Invisible Islands: Habitat compression in the open ocean
If you spin your desktop globe in just the right way, you’ll see half of the sphere as a single colour of blue representing the vast Pacific Ocean. But if you were a fish, you’d know just how variable ocean conditions can be. Patches of cold and warm water interact with underwater mountains and valleys to create invisible islands of habitat, and for the blue marlin (Makaira nigricans) these islands could be shrinking (Carlisle et al. 2017).
Blue marlin are a large open-ocean fish that undertake long-distance migrations in tropical waters to feed and spawn. They are highly valued as a game fish, and are listed as vulnerable by the International Union for the Conservation of Nature. They prefer habitat made of warm waters (26-30°C) with sufficient oxygen levels (4.5-5.0 mL/L). Ensuring that these fish have such available habitat is necessary if we are to manage the game fishery. With the support of the International Game Fish Association Great Marlin Race, 41 fish were tagged and tracked throughout 2009-2013 to understand their habitat use in the Central Pacific.
The tags transmitted location information to a satellite system, while also recording the temperature, pressure, and light (as proxies of depth) that each fish was experiencing. Oxygen levels were taken from the World Ocean Atlas climatological database. The El Niño Southern Oscillation (ENSO) cycle took place in 2009 (El Niño, warmer), and 2010 (La Niña, cooler), changing the typical temperature and oxygen levels.

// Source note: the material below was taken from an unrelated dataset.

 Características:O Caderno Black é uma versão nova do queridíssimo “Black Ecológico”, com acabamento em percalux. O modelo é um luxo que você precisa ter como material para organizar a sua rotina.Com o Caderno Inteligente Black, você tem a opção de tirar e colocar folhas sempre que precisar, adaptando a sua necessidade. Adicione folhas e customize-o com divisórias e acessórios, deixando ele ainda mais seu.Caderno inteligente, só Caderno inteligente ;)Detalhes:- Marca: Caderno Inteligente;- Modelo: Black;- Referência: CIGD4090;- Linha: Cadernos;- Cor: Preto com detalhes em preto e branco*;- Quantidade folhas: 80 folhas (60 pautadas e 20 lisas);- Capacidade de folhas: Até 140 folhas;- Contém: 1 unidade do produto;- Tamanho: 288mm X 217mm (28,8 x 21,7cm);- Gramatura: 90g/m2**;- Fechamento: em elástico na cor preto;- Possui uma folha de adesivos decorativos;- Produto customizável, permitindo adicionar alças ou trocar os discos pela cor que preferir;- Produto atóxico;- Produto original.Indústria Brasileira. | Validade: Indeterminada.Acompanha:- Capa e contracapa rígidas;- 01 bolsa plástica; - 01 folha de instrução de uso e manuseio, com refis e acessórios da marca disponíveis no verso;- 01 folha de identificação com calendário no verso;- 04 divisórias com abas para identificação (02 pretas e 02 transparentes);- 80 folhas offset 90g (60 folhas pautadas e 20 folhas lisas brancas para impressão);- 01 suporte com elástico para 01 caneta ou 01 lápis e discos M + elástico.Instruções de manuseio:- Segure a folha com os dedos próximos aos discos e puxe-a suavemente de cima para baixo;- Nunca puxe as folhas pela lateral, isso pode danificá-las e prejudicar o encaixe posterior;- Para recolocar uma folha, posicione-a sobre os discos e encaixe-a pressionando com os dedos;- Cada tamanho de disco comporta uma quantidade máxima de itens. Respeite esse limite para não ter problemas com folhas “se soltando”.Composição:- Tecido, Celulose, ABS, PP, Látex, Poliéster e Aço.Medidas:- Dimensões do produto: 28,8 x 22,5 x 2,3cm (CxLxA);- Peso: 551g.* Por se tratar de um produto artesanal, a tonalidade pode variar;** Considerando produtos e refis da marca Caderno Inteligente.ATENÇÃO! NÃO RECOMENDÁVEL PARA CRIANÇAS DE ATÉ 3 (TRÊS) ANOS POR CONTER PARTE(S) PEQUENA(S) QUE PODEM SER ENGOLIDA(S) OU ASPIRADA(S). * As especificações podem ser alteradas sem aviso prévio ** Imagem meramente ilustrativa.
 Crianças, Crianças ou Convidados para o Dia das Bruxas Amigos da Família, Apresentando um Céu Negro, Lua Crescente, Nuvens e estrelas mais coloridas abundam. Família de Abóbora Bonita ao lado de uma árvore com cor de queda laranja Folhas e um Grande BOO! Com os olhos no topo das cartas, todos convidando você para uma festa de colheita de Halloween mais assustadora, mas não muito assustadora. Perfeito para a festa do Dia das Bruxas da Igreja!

The fish were tracked for at least 100 days, moving 4400 km on average. They tended to rest near the surface at night, and dive to depths of 25-100 m to find prey during the day. During all study years, fish experienced water temperatures and oxygen levels outside of their normal range which compressed their available habitat into shallower depths than they would normally use when feeding. Habitat compression was most severe when both temperature and oxygen levels were limiting.

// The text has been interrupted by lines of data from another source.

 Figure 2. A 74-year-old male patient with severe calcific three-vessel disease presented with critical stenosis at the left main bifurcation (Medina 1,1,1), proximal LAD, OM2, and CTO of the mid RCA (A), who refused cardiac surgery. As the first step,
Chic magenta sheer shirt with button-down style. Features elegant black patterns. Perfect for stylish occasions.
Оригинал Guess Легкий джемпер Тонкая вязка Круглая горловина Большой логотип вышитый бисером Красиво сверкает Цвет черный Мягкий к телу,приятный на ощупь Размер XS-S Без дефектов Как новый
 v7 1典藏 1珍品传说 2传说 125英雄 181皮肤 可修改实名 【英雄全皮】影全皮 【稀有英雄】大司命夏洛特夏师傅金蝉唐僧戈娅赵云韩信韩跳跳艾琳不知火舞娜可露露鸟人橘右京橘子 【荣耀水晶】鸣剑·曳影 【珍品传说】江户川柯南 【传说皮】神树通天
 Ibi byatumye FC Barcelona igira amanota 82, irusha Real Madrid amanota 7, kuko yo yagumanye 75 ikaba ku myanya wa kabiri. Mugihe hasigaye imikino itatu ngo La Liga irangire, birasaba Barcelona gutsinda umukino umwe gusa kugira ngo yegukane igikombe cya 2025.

The La Niña caused a 4500 km westward shift in the 25°C waterbody which restricted the tagged fish from crossing the equator as they had done in all other years. These conditions could become more common with the predicted increase in frequency and intensity of ENSO events under some climate change scenarios.

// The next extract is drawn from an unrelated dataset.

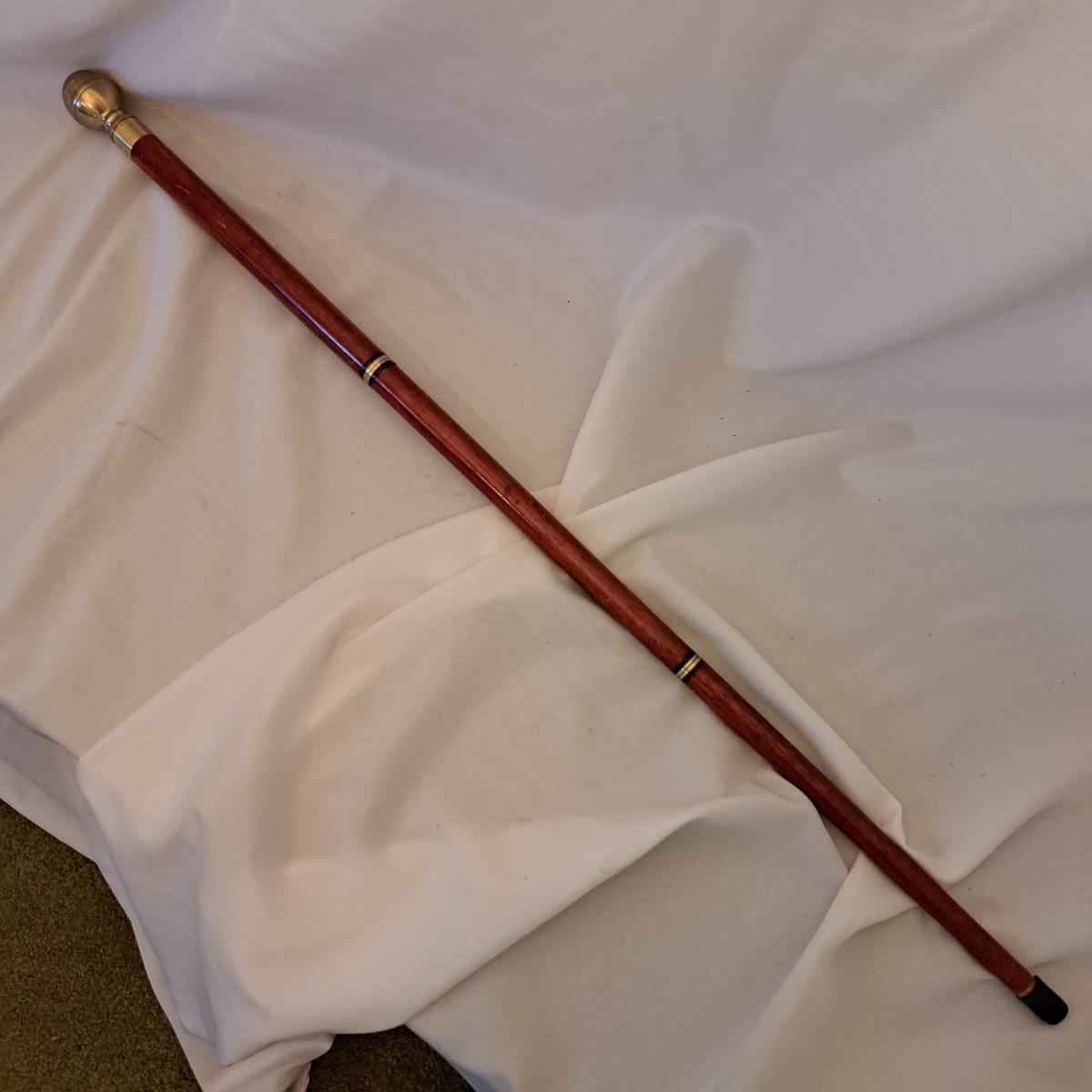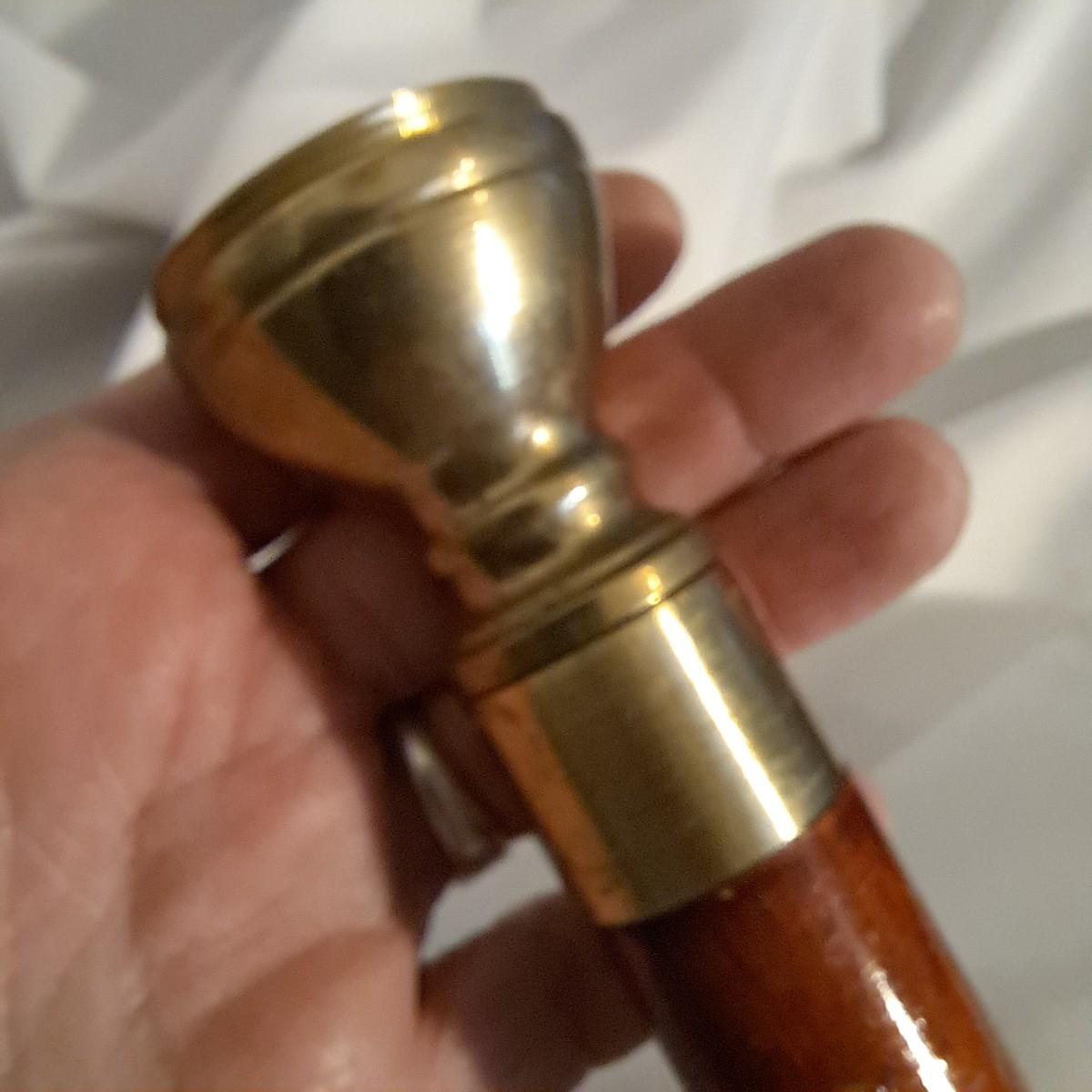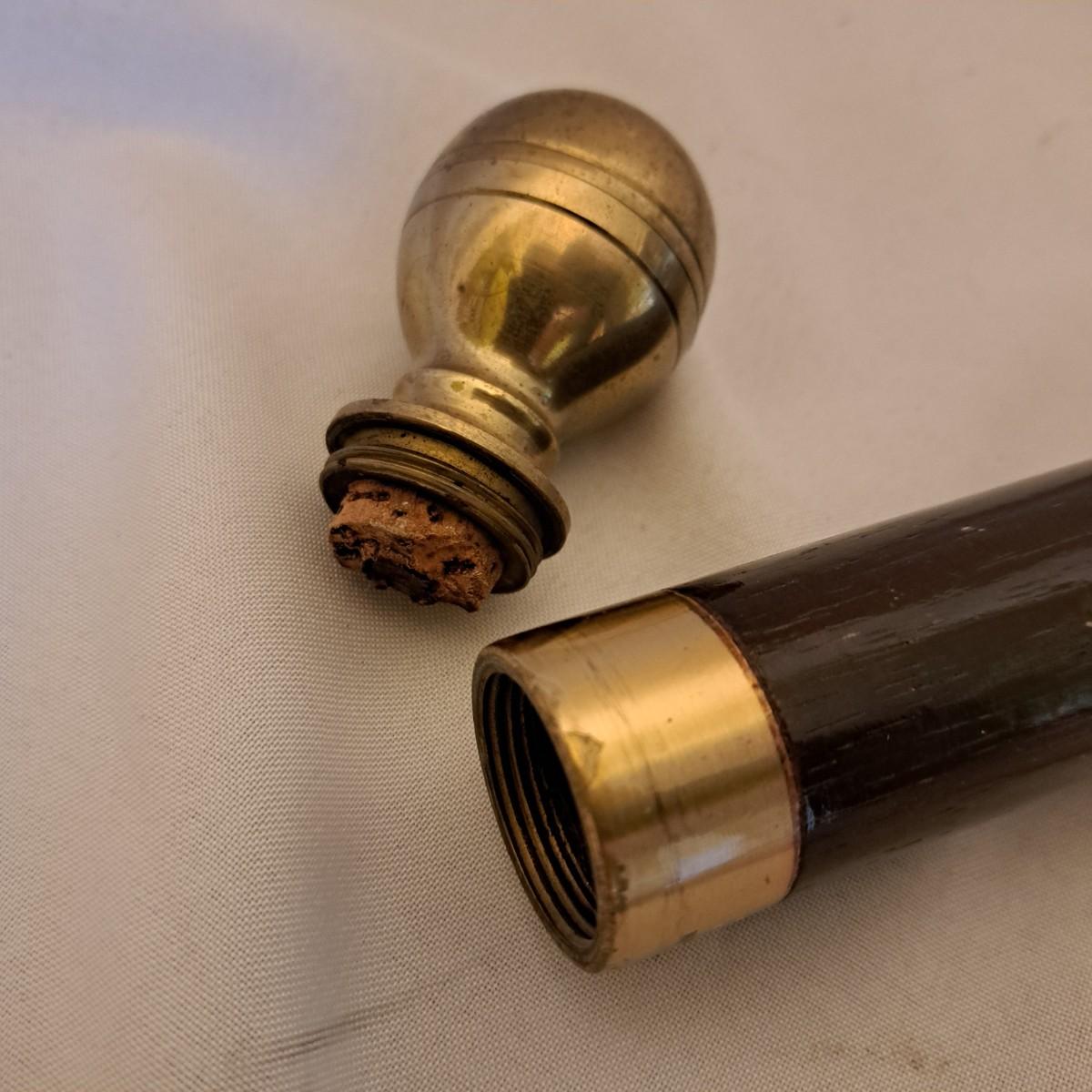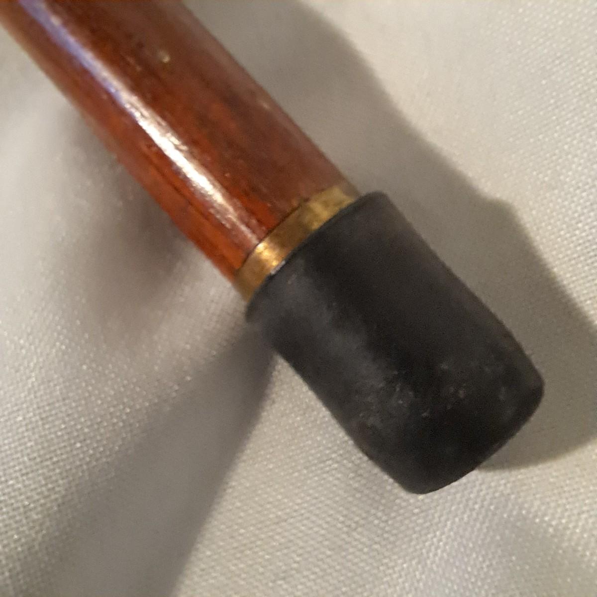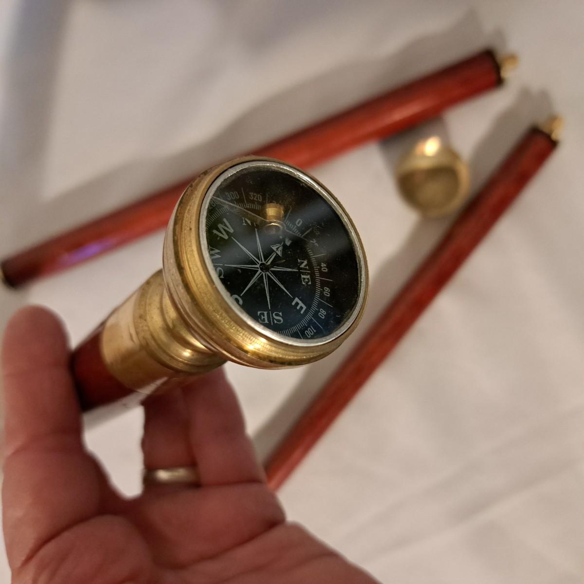 Two vintage wooden canes - the cherry finish cane, 35"H, unscrews into three separate pieces and has a brass knob that when unscrewed reveals a compass; however, the directional arrow has lifted away from the face. Could possibly be repaired. The dark wood cane, 33"H, also has a brass knob (*with a partial piece of cork on inside of knob) that when unscrewed reveals an empty compartment inside. Both have light surface scuffs and scratches consistent with age wear and use. Shipping available. Shipping can be costly. We suggest contacting our preferred local shipping provider, Postage Express, with dimensions and getting an estimate before bidding: (828) 255-9250 or shipping@postageexpressnc.com.

Understanding the shifting shoreline of underwater habitats is crucial for fisheries management in the open ocean.
Reference
Carlisle, A. B., Kochevar, R. E., Arostegui, M. C., Ganong, J. E., Castleton, M., Schratwieser, J., and Block, B. A. 2017. Influence of temperature and oxygen on the distribution of blue marlin (Makaira nigricans) in the Central Pacific. Fisheries Oceanography, 26 (1): 34-48.